The teacher understands how students differ in their approaches to learning and creates instructional opportunities that are adapted to diverse learners.

As if pre-service teachers did not have enough to worry about in honing their classroom management skills, multiculturalism puts a spin on how new teachers lead their students.  The good news is that pre-service teachers, by nature, lack their own set of classroom management skills, which may be more difficult to abandon, multicultural classroom management techniques can be at the forefront of new teachers’ repertoire.
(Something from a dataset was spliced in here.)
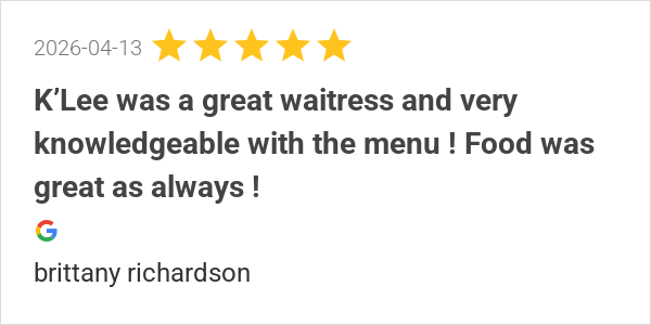 K’Lee was a great waitress and very knowledgeable with the m...

New teachers who have the advantage of knowledge of multicultural classroom management skills also own the benefit of students who respect them, their fellow classmates, and the learning process.  Multicultural classroom management is a symbiotic relationship in which both teacher and students profit. 

To better understand multicultural classroom management, it is vital to know what multicultural education is.  Although there are numerous interpretations of multicultural education as defined by experts in the field, multicultural education can be simply defined as an educational movement that strives to promote pluralism and to minimize racism in the classroom.  As defined by Sonia Nieto in Affirming diversity: The sociopolitical context of Multicultural Education, “Comprehensive school reform and basic education for all students that challenges all forms of discrimination, permeates instruction and interpersonal relations in the classroom, and advances the democratic principles of social justice.” (Nieto, 1992)  Multicultural education according to Nieto encompasses instruction, interpersonal relations and promotes democracy and social justice.  In order for multicultural education to be successful it must permeate the way in which teachers manage their students.